I am definitely not comfortable— as I really should be on the toilet because I really gotta pee but don't want to scare the old couple in front of me by approaching them to ask if they can watch my bag.
It does hurt, 10 days in a car and awful hostel beds takes its toll on your body. And it did break my heart: if you saw the Aussie men I cliff dived with, you'd understand.
"...But that’s okay. The journey changes you; it should change you. It leaves marks on your memory, on your consciousness, on your heart, and on your body. You take something with you. Hopefully, you leave something good behind."
I am okay. I am changed, I am taking memories home and new eyes and heart for another part of the world. And by my own selflessness I am leaving the Australians to further grace Croatia with their perfection.
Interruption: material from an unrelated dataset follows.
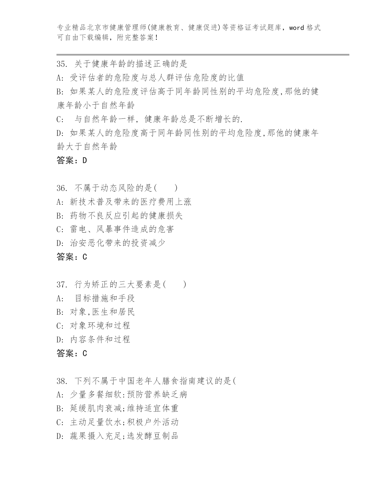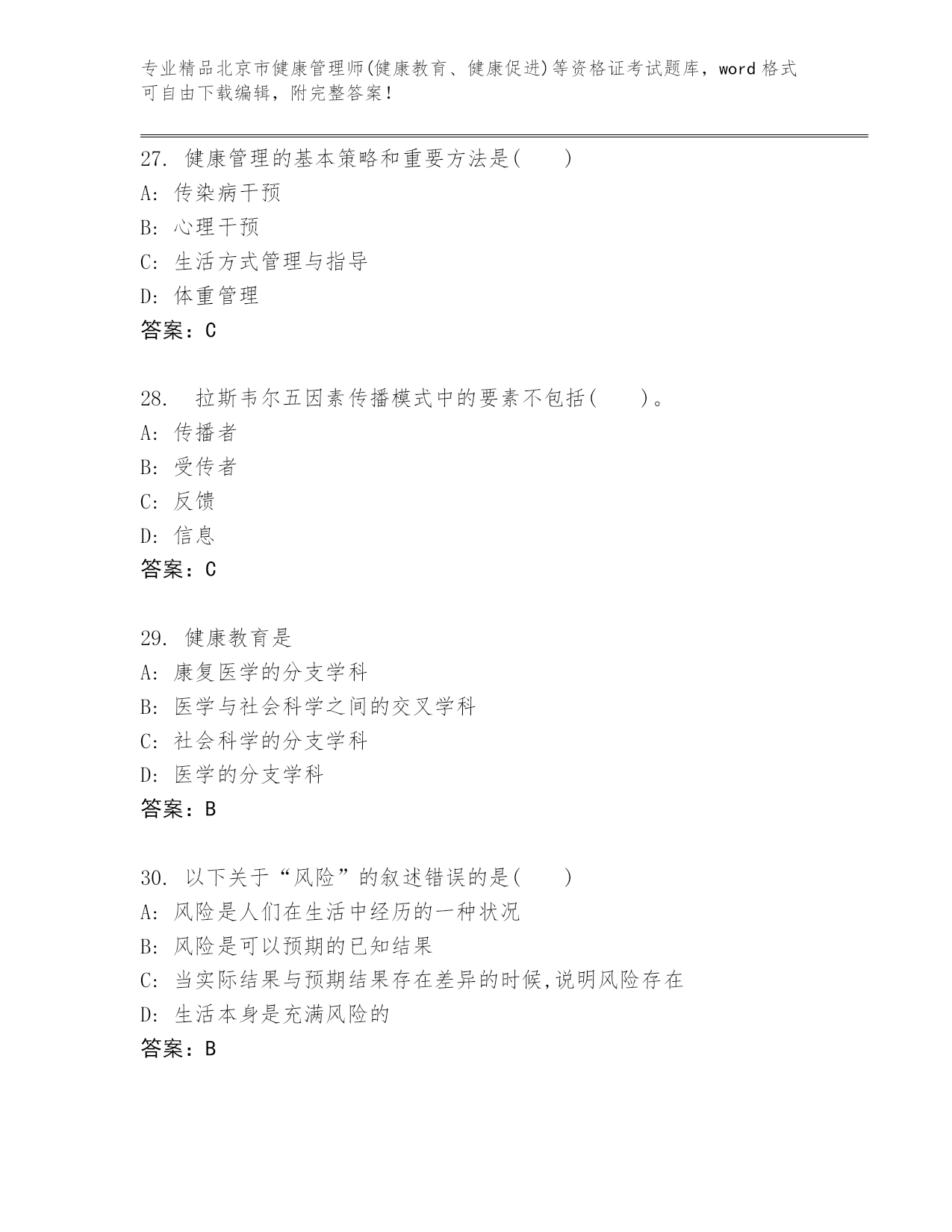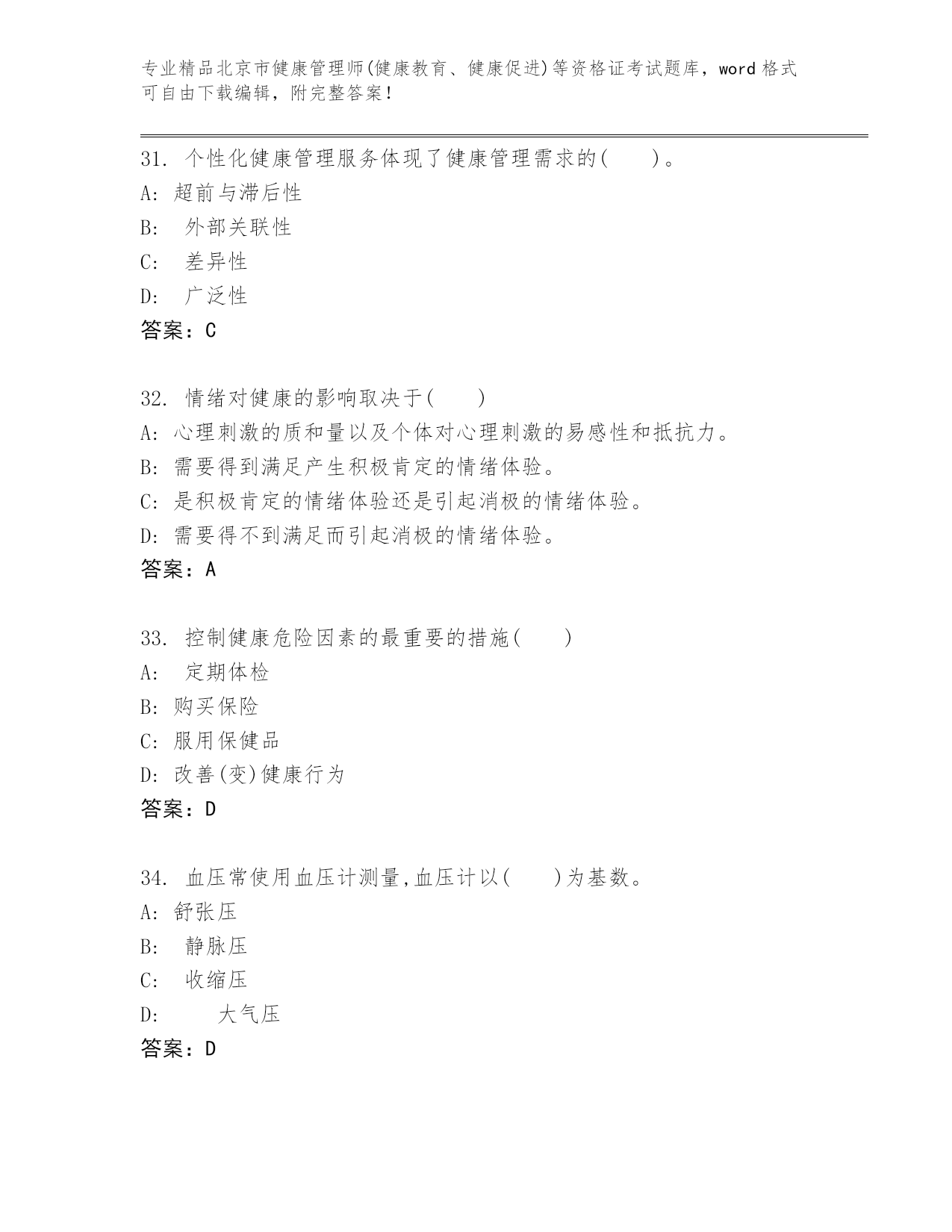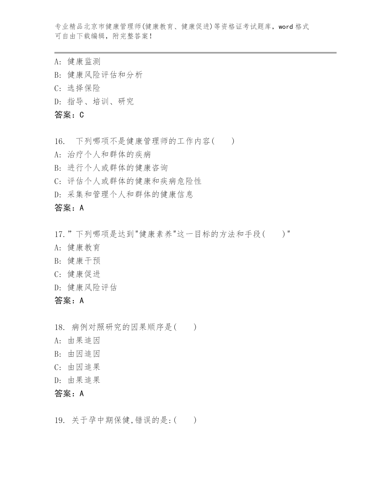 历年北京市健康管理师(健康教育、健康促进)等资格证考试优选题库通用
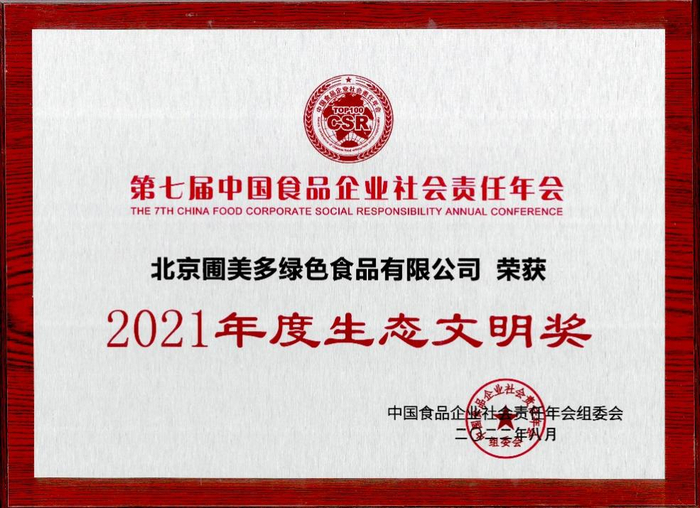圃美多荣获第七届中国食品企业社会责任年会“生态文明奖”

A lot of people have been asking me for advice on travel. I am beside myself that they want my recommendations. Really, why anyone would ask me how to do anything is mind-blowing. But happy to advise I want to begin with one thing: don't expect perfection. Travel is messy, exhausting, and complicated. You probably won't have the perfect anything. But life isn't perfect either. For both are about the sweet moments in between the discomfort and complications that make them worthwhile.
Wrapping up our adventure in the Balkans my best piece of advice is this: there is no wrong or right choice, there are just choices. You pick one and keep moving. Don't be discouraged by the bumps on the road, they're usually the best part or at least lead to them. And finally one quote from my travel mentor that I always keep in my heart— you can't plan a good time, it just happens.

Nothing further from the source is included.